┌────────

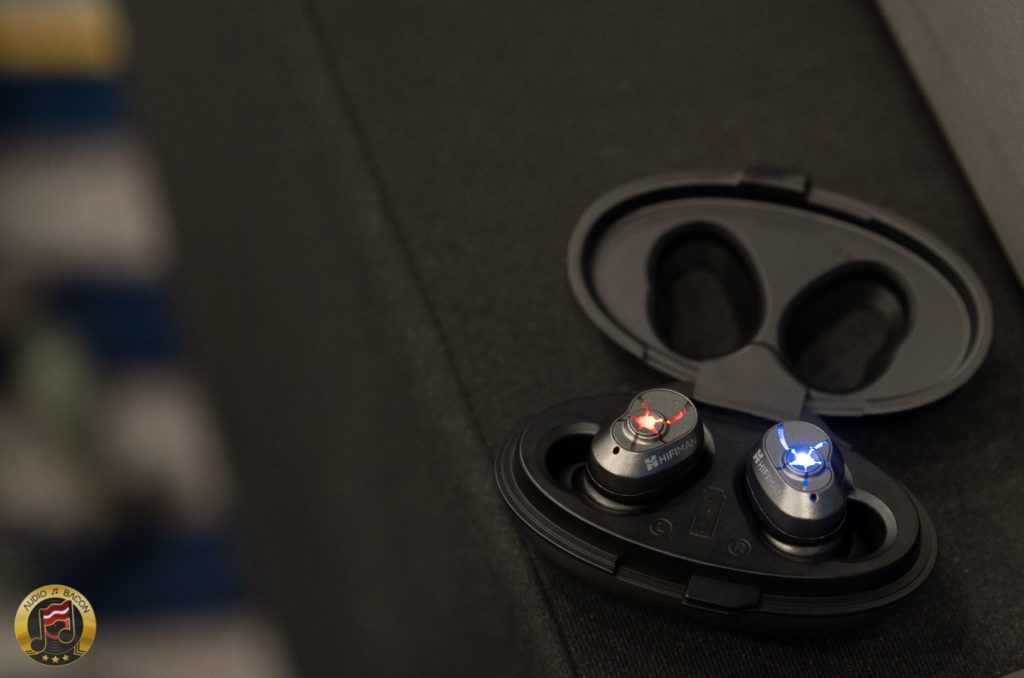 The HiFiMAN TWS 600 comes in a sleek charging capsule. It feels pretty good on the fingertips. Some true wireless buds I've tried have actually fallen out of my ear from normal use. On the other hand, the TWS 600 was a very nice fit. Tilting and shaking my head back and forth and it was completely stable. I also like the techie, spacey glow and look.
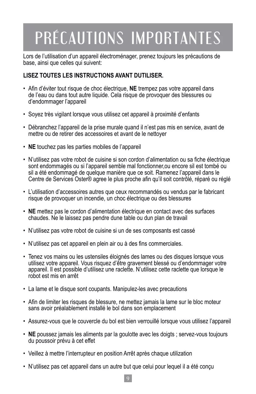 LEIA TODAS AS INSTRUÇÕES ANTES DE USAR ESTE APARELHO BETRIEBSANLEITUNG KÜCHENMASCHINE DIE BEDIENUNGSANLEITUNG VOR DER NUTZUNG BITTE VOLLSTÄNDIG LESEN PR É C A U TI O N S I M P ORTAN TES Lors de l’utilisation d’un appareil électroménager, prenez toujours les précautions de base, ainsi que celles qui suivent: LISEZ TOUTES LES INSTRUCTIONS AVANT DUTILISER. • Afin d’éviter tout risque de choc électrique, ne trempez pas votre appareil dans de l’eau ou dans tout autre liquide. Cela risque de provoquer des blessures ou d’endommager l’appareil • Soyez très vigilant lorsque vous utilisez cet appareil à proximité d’enfants • Débranchez l’appareil de la prise murale quand il n’est pas mis en service, avant de mettre ou de retirer des accessoires et avant de le nettoyer • Ne touchez pas les parties mobiles de l’appareil • N’utilisez pas votre robot de cuisine si son cordon d’alimentation ou sa fiche électrique sont endommagés ou si l’appareil semble mal fonctionner,ou encore sil est tombé ou sil a été endommagé de quelque manière que ce soit. Ramenez l’appareil dans le Centre de Services Oster® agree le plus proche afin qu’il soit contrôlé, réparé ou réglé • L’utilisation d’accessoires autres que ceux recommandés ou vendus par le fabricant risque de provoquer un incendie, un choc électrique ou des blessures • Ne mettez pas le cordon d’alimentation électrique en contact avec des surfaces chaudes. Ne le laissez pas pendre dune table ou dun plan de travail • N’utilisez pas votre robot de cuisine si un de ses composants est cassé • N’utilisez pas cet appareil en plein air ou à des fins commerciales. • Tenez vos mains ou les ustensiles éloignés des lames ou des disques lorsque vous utilisez votre appareil. Vous risquez d’être gravement blessé ou d’endommager votre appareil. Il est possible d’utilisez une raclette. N’utilisez cette raclette que lorsque le robot est mis en arrêt • La lame et le disque sont coupants. Manipulez-les avec precautions • Afin de limiter les risques de blessure, ne mettez jamais la lame sur le bloc moteur sans avoir préalablement installé le bol dans son emplacement • Assurez-vous que le couvercle du bol est bien verrouillé lorsque vous utilisez l’appareil • Ne poussez jamais les aliments par la goulotte avec les doigts ; servez-vous toujours du poussoir prévu à cet effet • Veillez à mettre l’interrupteur en position Arrêt après chaque utilization • N’utilisez pas cet appareil dans un autre but que celui pour lequel il a été conçu 9
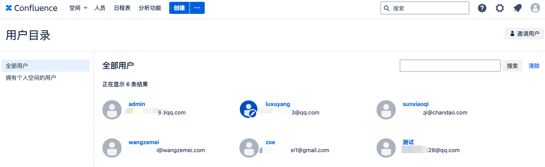 也可以在「Confluence-人员-全部用户」中查看管理员账号或者联系部署 Confluence 的负责人或团队,获取管理员账号信息。

└────────

■ REQUIREMENT:
Pictures stay out; everything else in the listing above gets repeated exactly.

■ FINISHED TASK:
 The HiFiMAN TWS 600 comes in a sleek charging capsule. It feels pretty good on the fingertips. Some true wireless buds I've tried have actually fallen out of my ear from normal use. On the other hand, the TWS 600 was a very nice fit. Tilting and shaking my head back and forth and it was completely stable. I also like the techie, spacey glow and look.
 LEIA TODAS AS INSTRUÇÕES ANTES DE USAR ESTE APARELHO BETRIEBSANLEITUNG KÜCHENMASCHINE DIE BEDIENUNGSANLEITUNG VOR DER NUTZUNG BITTE VOLLSTÄNDIG LESEN PR É C A U TI O N S I M P ORTAN TES Lors de l’utilisation d’un appareil électroménager, prenez toujours les précautions de base, ainsi que celles qui suivent: LISEZ TOUTES LES INSTRUCTIONS AVANT DUTILISER. • Afin d’éviter tout risque de choc électrique, ne trempez pas votre appareil dans de l’eau ou dans tout autre liquide. Cela risque de provoquer des blessures ou d’endommager l’appareil • Soyez très vigilant lorsque vous utilisez cet appareil à proximité d’enfants • Débranchez l’appareil de la prise murale quand il n’est pas mis en service, avant de mettre ou de retirer des accessoires et avant de le nettoyer • Ne touchez pas les parties mobiles de l’appareil • N’utilisez pas votre robot de cuisine si son cordon d’alimentation ou sa fiche électrique sont endommagés ou si l’appareil semble mal fonctionner,ou encore sil est tombé ou sil a été endommagé de quelque manière que ce soit. Ramenez l’appareil dans le Centre de Services Oster® agree le plus proche afin qu’il soit contrôlé, réparé ou réglé • L’utilisation d’accessoires autres que ceux recommandés ou vendus par le fabricant risque de provoquer un incendie, un choc électrique ou des blessures • Ne mettez pas le cordon d’alimentation électrique en contact avec des surfaces chaudes. Ne le laissez pas pendre dune table ou dun plan de travail • N’utilisez pas votre robot de cuisine si un de ses composants est cassé • N’utilisez pas cet appareil en plein air ou à des fins commerciales. • Tenez vos mains ou les ustensiles éloignés des lames ou des disques lorsque vous utilisez votre appareil. Vous risquez d’être gravement blessé ou d’endommager votre appareil. Il est possible d’utilisez une raclette. N’utilisez cette raclette que lorsque le robot est mis en arrêt • La lame et le disque sont coupants. Manipulez-les avec precautions • Afin de limiter les risques de blessure, ne mettez jamais la lame sur le bloc moteur sans avoir préalablement installé le bol dans son emplacement • Assurez-vous que le couvercle du bol est bien verrouillé lorsque vous utilisez l’appareil • Ne poussez jamais les aliments par la goulotte avec les doigts ; servez-vous toujours du poussoir prévu à cet effet • Veillez à mettre l’interrupteur en position Arrêt après chaque utilization • N’utilisez pas cet appareil dans un autre but que celui pour lequel il a été conçu 9
 也可以在「Confluence-人员-全部用户」中查看管理员账号或者联系部署 Confluence 的负责人或团队,获取管理员账号信息。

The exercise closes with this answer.